/* built with Studio Sketchpad:
* https://sketchpad.cc
*
* observe the evolution of this sketch:
* https://studio.sketchpad.cc/sp/pad/view/ro.y98XGTCN6ux/rev.3169
*
* authors:
* Charles Dietrich
* license (unless otherwise specified):
* creative commons attribution-share alike 3.0 license.
* https://creativecommons.org/licenses/by-sa/3.0/
*/
/*
This is intended to recreate the Synchronous Objects [1] Counterpoint Tool [2] by Benjamin Schroeder [3]. Schroeder's tool is based on the concept of musical counterpoint [4] but adapts it to a visual system.

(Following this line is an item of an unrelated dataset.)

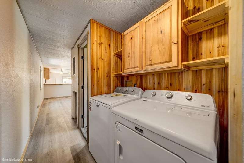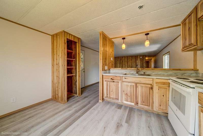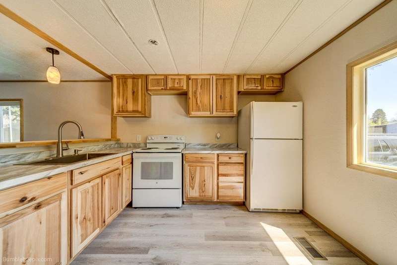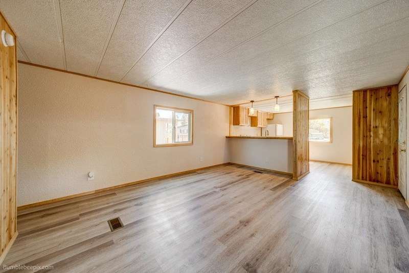 Welcome to your beautifully updated home inside Timberline Mobile Home Park! This move-in ready 2-bedroom, 1-bathroom home features modern updates throughout, including new flooring, a refreshed kitchen with stylish finishes, and fresh interior and exterior paint that gives the home a bright, clean feel. Step outside to a great fenced-in yard — ideal for pets, gardening, or soaking up the sunshine. Located near amenities for comfort and convenience at an affordable price. Schedule your showing today!

The tool is available at a Processing applet but the source code is not available to my knowledge (see discussion at [5], note that the blog post is dated April 2009).
My intention is to:
1) recreate aspects of the Schroeder's tool here in Processing.js, in order to understand the scope of the coding and algorithms required
2) implement the tool as a distributed robotic system in simulation
3) implement the tool as a distributed robotic system
The robotic system will be Honeycomb, developed by the Correll Lab at UC-Boulder [6] and used in Michael Theodore's Field Theory Exhibition [7]. I intend to investigate if and how MIT Proto [8] can be used to implement the tool.
## Code (Current Implementation)
Note: there is limited functionality.
There is a global stream of hand positions (CStream). Each "clock" keeps an internal pointer to CStream. When a clock needs a new value from CStream, it pulls the value after its current pointer. The clock decides how long it will take to get to that new value (from [5]: quarter, half, dotted quarter, whole). The code then interpolates positions between the old value and the new value to create smooth motion. Note that a clock's pointer may be arbitrarily far behind the maximum pointer of all clocks.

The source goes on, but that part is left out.